Tentando manter o controle para não atacar a garota com a varinha, Cinderela disse:
— O selo vinha do seu reino.
Aurora parou de rir e encarou a mais velha a sua frente. Franziu a testa pensando não ter escutado direito e depois arregalou os olhos vendo a seriedade nas palavras da outra.
— O que? Isso não é possível! Meu pai jamais sequestraria o filho de outro! A menos... Não! Ele nunca faria isso!
— A menos que quisessem uma farta recompensa para retirar seu reino da miséria – disse a falsa Chapeuzinho Vermelho se aproximando da princesa – Diga a verdade Aurora, seu pai seria capaz de tudo para equilibrar a economia do Morndämm de novo, e isso inclui sequestro de monarcas – colou a varinha sob o queixo da outra.
Num ato de se esquivar do veneno alheio, Aurora deu um tapa na mão da outra, lançando o objeto magico da outra longe — Não convivi suficiente com minha família para lhe dizer isso.
— Então também não podes negar do que eles seriam capazes ou não de fazer. – Rebateu indo pegar a seu condão que havia ido parar perto do fogo.
Aurora revirou os olhos e pôs-se a pensar em quão linda ficaria aquela mulher com o rosto deformado pelas chamas, mas logo sacudiu a cabeça.
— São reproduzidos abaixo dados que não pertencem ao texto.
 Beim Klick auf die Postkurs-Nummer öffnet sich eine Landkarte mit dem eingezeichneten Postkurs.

O que diabos estou pensando?
Olhou para cima e viu flutuar sobre elas uma sombra de pássaro, grande demais para ser um canário e pequeno demais para ser uma coruja. A luz da Lua tornava aquele ser ainda mais sinistro, e um pensamento veio à mente de Aurora: E se a Floresta estiver alterando nossa mente para algo pior de nós?
Afinal a Floresta dos Reinos não era mais a mesma desde... Bem, ela não se lembrava desde quando, mas tinha aquele pressentimento de que sua teoria estava certa. Algo muito mal estava manipulando os pensamentos das garotas para se autodestruírem, por isso as constantes brigas em menos de meia hora e a casa em chamas.
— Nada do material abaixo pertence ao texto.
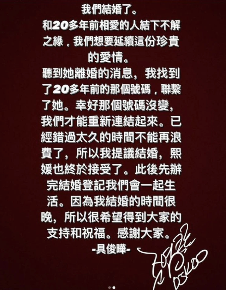 具俊晔表示“我们结婚了,和20多年前相爱的人结下不解之缘,我们想要延续这份珍贵的爱情。”

— Ella – chamou a atenção da outra que já voltava com a varinha em mãos – Você não anda tendo pensamentos estranhos?
A outra franziu uma sobrancelha e concordou — Desde que você chegou, só consegui imaginar cenas horríveis contigo sendo a protagonista – olhou em volta preocupada e logo sussurrou – Você acha que esse bosque está nos influenciado?
Com um gesto de cabeça, Aurora concordou, pensando que não deviam se deixar levar pela magia negra aplicada sobre si, mas antes que pudesse abrir a boca algo foi ouvido ao longe.
Um longo uivo sinistro, que parecia cantar de alegria e tocar o terror em qualquer ser vivo consciente naquele local. As duas se entreolharam com medo e demonstrando preocupação – Vamos por ali – murmurou Cinderela correndo na frente, iluminando o caminho com a sua magia e Aurora logo atrás de si.
As princesas correram até o local mais próximo onde o mato se fechava, e quando a garota Mongestern olhou para trás se arrependeu amargamente.
O Lobo estava parado agora na clareira, exatamente onde ela estava de pé observando as árvores há segundos atrás.
— Aurora, vem! – murmurou Ella, e as duas correram floresta adentro.